Все рухнули, стараясь как можно плотнее уйти в песок, закрывая локтями головы.
— Ат-деление! — скомандовал наверху Лепехин.— По отступающему противнику — а-гонь! — четырежды грянула винтовка. Пули тупо шлепнулись в песок. Слышен был лязг вылетающих гильз.
— Эй, большевизия! — продолжал орать Лепехин.— Я, унтер-офицер отдельной антипартизанской бригады, приказываю встать!
Все лежали, влепившись в песок.
— Ро-о-та! — подал себе команду Лепехин.— По затаившимся красным гадам — о-гонь!
И снова в песок вошло пять пуль.
— Я вас, сук, вешал! Я вас, гадов, душил, я шкуру с вас драл! Лежите, жрите землю! Пока время не настало... Ауфидерзейн,— налево, кругом,— приказал он самому себе и ответил: — Слушаю, господин поручик, да здравствует великая Германия и русская освободительная армия...— Наконец голос его затих.
— Цирк,— сказал Соловово, садясь на песок.— Не пришлось мне быть на этой войне, но теперь-то знаю, кого бы я выбрал...
— Каждый русский знал, кого выбирать,— раздраженно произнес Колесников, приподымаясь.
— Так-то,— сказал Чалдон,— решать надо, паря.
— Чо ж,— неожиданно для всех произнес Шумов.— Оно, может, это дело и богу угодно. Господь, он , иногда прощает. Ему видно. Не безглазый же...
В это время наверху опять замаячила тень, и щелкнул снятый предохранитель.
— П-по мес-там! — заорал вдребезги пьяный Глист, извиваясь на обрыве.— Чтоб че-рез ми... чтоб у меня... спать, короче го-ря, по-ял?
— Давайте-ка по одному в обход и в палатку,— шепнул Колесников.
— Да он еще и пристрелит, сволочь,— пробурчал Нерубайлов.
— Эй,— крикнул снизу Колесников.— Хоря пришли!
— Я те пришлю!—завопил Глист.— Я те!..— он вдруг нелепо зашатался и рухнул.
— Эх, самое время их брать, однако,— выдохнул Чалдон,— надрались божьей водицы, не чуют ничо!..
— Пока в палатке соберемся, а там увидим,— шепнул Колесников.— Если остальные в том же состоянии...
Тотчас вниз по круче съехал Аметистов, защелкал затвором карабина.
— Спать, ну!
— Пошли! — позвал Колесников и молча полез вверх.
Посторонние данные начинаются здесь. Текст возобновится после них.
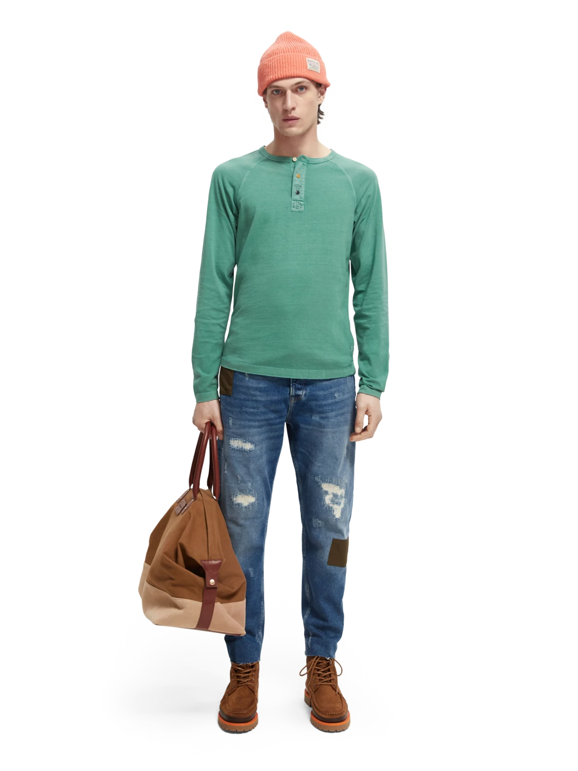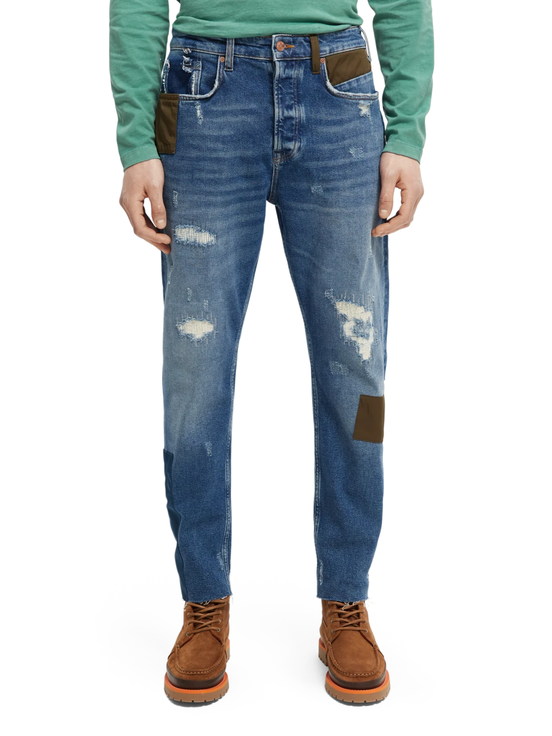 The Dean is our loose tapered-fit jean – with a wide-leg from hip to thigh that transitions into a more tailored ankle. Washed in a mid-blue tone with patchwork and distressed detailing, this relaxed style is finished with large back pockets and a button fly.
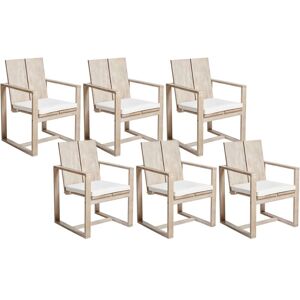 Wooden Outdoor Chairs with Cushions. Enrich your garden with this set of chairs with a classic look. Made from certified acacia wood, they are ideal for outdoor use. Their light brown colour and classic design allow them to match almost any decor in your garden. Thickly padded cushions attached to the set are upholstered in a durable, low-maintenance, UV- and water-resistant fabric in a toned taupe colour. Resistant to fading and light water exposure, they can be securely tied to the chair's backrest to prevent slipping, ensuring a comfortable seating experience. Details: Product Type: Garden Chair Style: Traditional General Color: Brown, Beige Shade: Light Brown Material Type: Wood Main Material: FSC® Certified Acacia Wood Additional Material: Fabric Legs material: Wood Seat Material: FSC® Certified Acacia Wood Material Composition: 100% Polyester Armrests: Yes Finish: Oiled Foldable: No Seat Foam Density: 18 kg/m3 Stackable: No Dimensions: Armrests Height: 63 cm Depth: 59 cm Seat
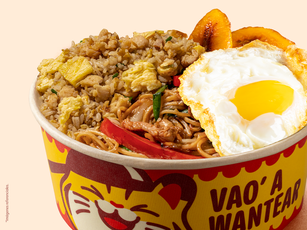 Ármalo como a ti te guste. Base de chaufa. De tallarín saltado. ¡O de las dos cosas! Y puedes sumarle hasta dos fondos (Pollo Tipakay, Chijaukay, Cruyok, Picante o Chancho al Ajo). Viene con su infaltable gaseosa.
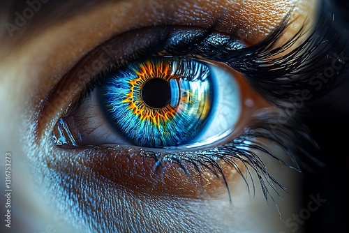 eye, iris, pupil, lash, closeup, macro, detail, vibrant, colours, blue, orange, yellow, gaze, look, vision, sight, beauty, human, anatomy, photo, image, picture, photo, art, artistic, stunning, impressive, captivating, mesmerizing, intense, sharp, sharpened, detailed, intricate, texture, light, shadow, contrast, depth, field
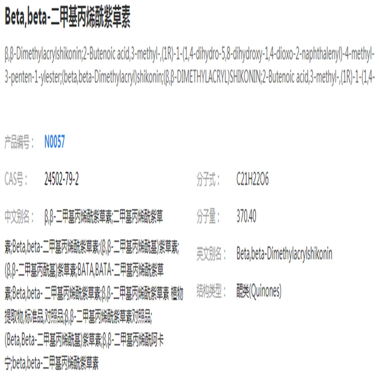 Beta,beta-二甲基丙烯酰紫草素 對(duì)照品標(biāo)準(zhǔn)品 純度高 圖譜全 直供科研

За ним, шурша камнями, двинулись остальные. Алеха шел последним.
Хорь стоял незаметный в темноте, лишь огонек самокрутки иногда освещал его усмехающееся морщинистое лицо.
— Давай-давай,— шевельнулся он, заметив Алеху.— Спать надо, милок. Это ж, тебе не дома. У нас тоже служба.
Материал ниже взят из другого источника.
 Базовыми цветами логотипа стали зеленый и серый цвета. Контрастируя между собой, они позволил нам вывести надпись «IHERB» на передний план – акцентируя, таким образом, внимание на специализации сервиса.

Алеха, про себя проклиная бандита, побрел в палатку. Понял, что Хоря провести трудно. Хуже всего было то, что и водка не брала этого дьявола.
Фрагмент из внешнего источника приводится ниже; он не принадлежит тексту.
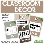 Ces affiches de nombres en français anglais et espagnol sont un visuel clair à afficher dans votre classe. Ces couleurs boho neutres modernes sont parfaites pour créer un environnement d’apprentissage calme | Numéros | Números
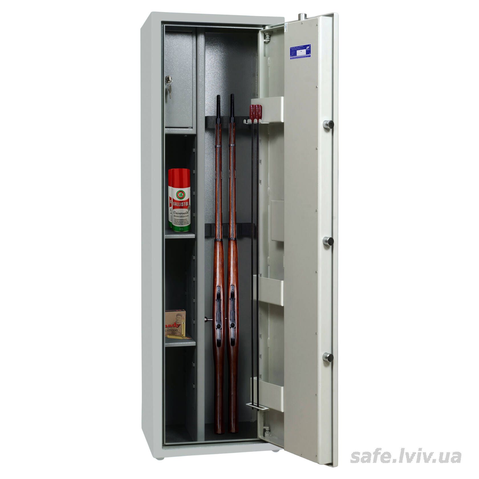 - Внутрішнє оснащення: пересувний ложемент під зброю з оптикою, тримачі для шомполів, трейзер, 3 полиці, зйомні навісні елементи на дверях.
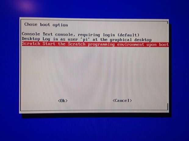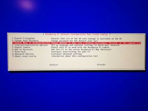 Se puede saber la frambuesa Pi para arrancar en cero directamente cada vez que se enciende mediante el menú config raspi que aparece en el primer arranque (como se muestra). Una vez que has hecho para seleccionar termina y luego acepta la petición de reinicio. Si arranque en cero la pantalla puede ser en blanco para comenzar con - simplemente pulse cualquier tecla para despertarla.
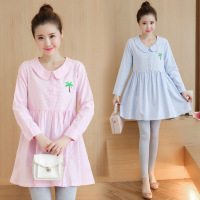 薇侣2017新品春秋新款衬衣条纹大码女装长袖娃娃领胖mm宽松孕妇连衣裙
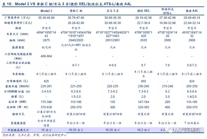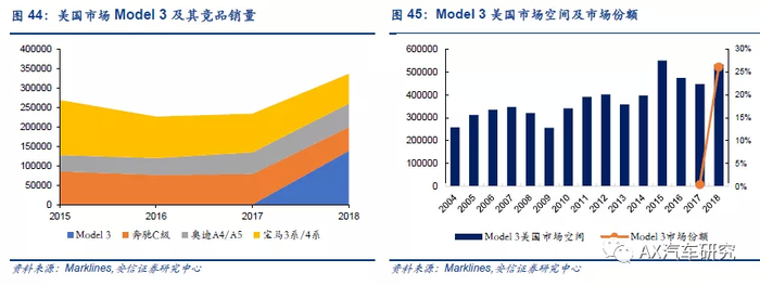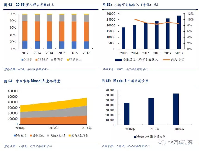 :以同价格带同类别车的销量作为Model 3在中国市场对应的市场空间。Model 3对应的中国市场空间在50-60万辆,且保持增长趋势。
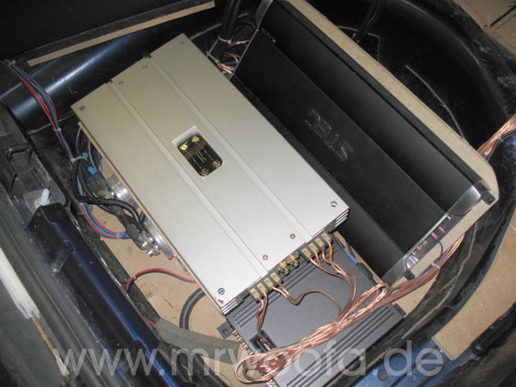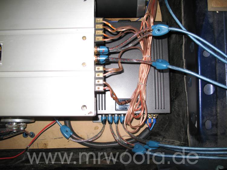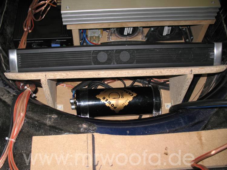8. Zoom Hier verbauten Frequenzweichen, sitzen hinter der Rockford, der Cap ist zusammen mit dem sichtbar verbauten für die RF zuständig. |

В палатке почти все уже лежали в спальниках. Он лег сверху, не скинув сапог. Был один план, его стоило обмозговать.
С конями Алеха был связан всю жизнь. Еще в двадцать первом году пришли они всей семьей на извозный двор односельчанина отца Карнаухова, владельца девяти пролеток. Мать стала помогать хозяйке по дому, отец сел за вожжи, а тринадцатилетний Алексей тоже приставлен был к делу: кормил лошадей, помогал на конюшне, чистил двор, рубил дрова.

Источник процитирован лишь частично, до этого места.